## TO DO
Return the listing below unchanged, but without pictures.

## INPUT DATA
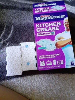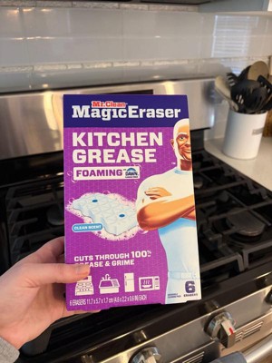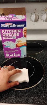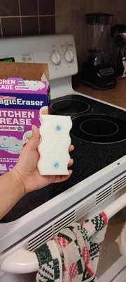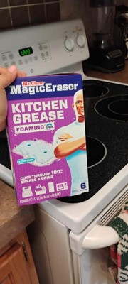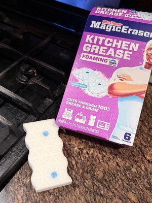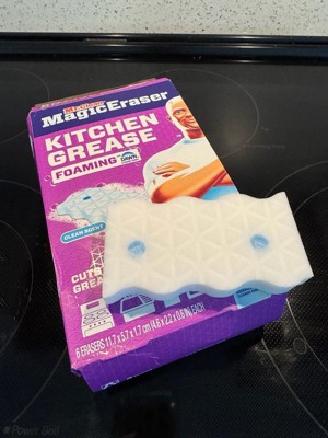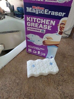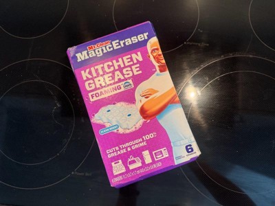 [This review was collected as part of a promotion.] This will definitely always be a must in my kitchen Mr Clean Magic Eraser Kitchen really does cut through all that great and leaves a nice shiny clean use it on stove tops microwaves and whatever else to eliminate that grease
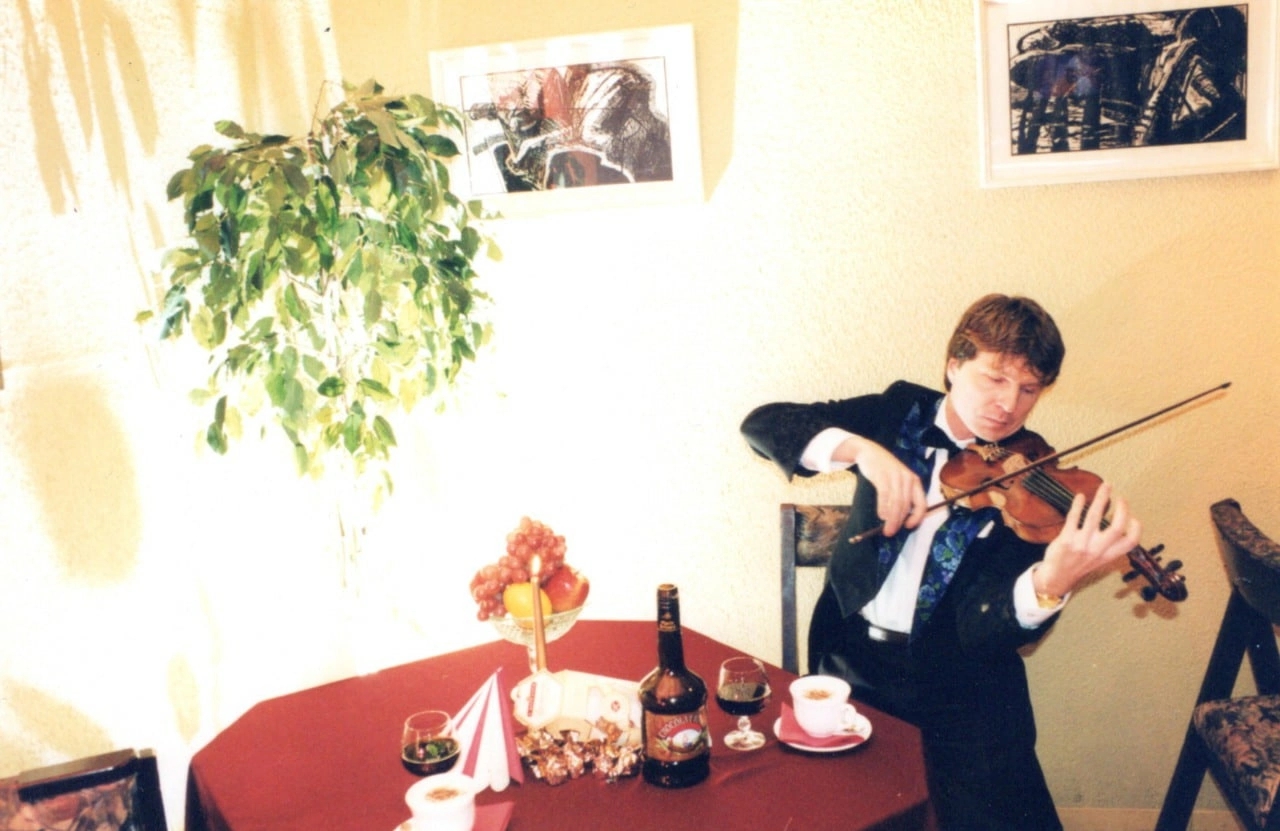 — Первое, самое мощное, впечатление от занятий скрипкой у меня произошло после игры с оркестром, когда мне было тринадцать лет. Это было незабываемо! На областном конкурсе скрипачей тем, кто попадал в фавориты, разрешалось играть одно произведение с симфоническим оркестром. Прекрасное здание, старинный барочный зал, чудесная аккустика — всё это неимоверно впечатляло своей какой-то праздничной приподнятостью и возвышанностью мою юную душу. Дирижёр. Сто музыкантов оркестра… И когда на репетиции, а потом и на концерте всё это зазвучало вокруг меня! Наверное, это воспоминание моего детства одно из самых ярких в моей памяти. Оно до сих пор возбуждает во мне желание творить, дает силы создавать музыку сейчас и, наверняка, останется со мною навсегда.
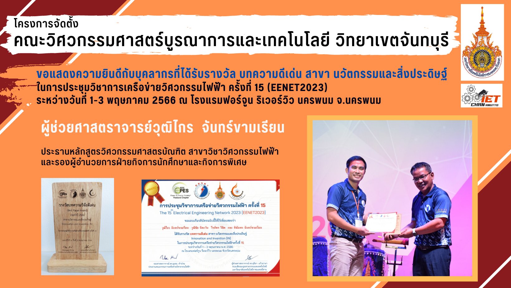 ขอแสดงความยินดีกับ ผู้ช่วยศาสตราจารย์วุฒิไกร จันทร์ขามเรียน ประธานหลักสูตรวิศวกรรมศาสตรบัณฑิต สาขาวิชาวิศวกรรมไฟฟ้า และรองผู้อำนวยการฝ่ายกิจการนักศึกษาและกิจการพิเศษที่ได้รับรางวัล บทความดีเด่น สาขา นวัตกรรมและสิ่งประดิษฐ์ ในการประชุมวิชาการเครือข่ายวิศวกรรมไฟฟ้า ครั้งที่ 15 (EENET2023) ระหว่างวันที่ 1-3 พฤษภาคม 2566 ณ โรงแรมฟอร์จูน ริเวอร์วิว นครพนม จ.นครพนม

## TASK OUTPUT
 [This review was collected as part of a promotion.] This will definitely always be a must in my kitchen Mr Clean Magic Eraser Kitchen really does cut through all that great and leaves a nice shiny clean use it on stove tops microwaves and whatever else to eliminate that grease
 — Первое, самое мощное, впечатление от занятий скрипкой у меня произошло после игры с оркестром, когда мне было тринадцать лет. Это было незабываемо! На областном конкурсе скрипачей тем, кто попадал в фавориты, разрешалось играть одно произведение с симфоническим оркестром. Прекрасное здание, старинный барочный зал, чудесная аккустика — всё это неимоверно впечатляло своей какой-то праздничной приподнятостью и возвышанностью мою юную душу. Дирижёр. Сто музыкантов оркестра… И когда на репетиции, а потом и на концерте всё это зазвучало вокруг меня! Наверное, это воспоминание моего детства одно из самых ярких в моей памяти. Оно до сих пор возбуждает во мне желание творить, дает силы создавать музыку сейчас и, наверняка, останется со мною навсегда.
 ขอแสดงความยินดีกับ ผู้ช่วยศาสตราจารย์วุฒิไกร จันทร์ขามเรียน ประธานหลักสูตรวิศวกรรมศาสตรบัณฑิต สาขาวิชาวิศวกรรมไฟฟ้า และรองผู้อำนวยการฝ่ายกิจการนักศึกษาและกิจการพิเศษที่ได้รับรางวัล บทความดีเด่น สาขา นวัตกรรมและสิ่งประดิษฐ์ ในการประชุมวิชาการเครือข่ายวิศวกรรมไฟฟ้า ครั้งที่ 15 (EENET2023) ระหว่างวันที่ 1-3 พฤษภาคม 2566 ณ โรงแรมฟอร์จูน ริเวอร์วิว นครพนม จ.นครพนม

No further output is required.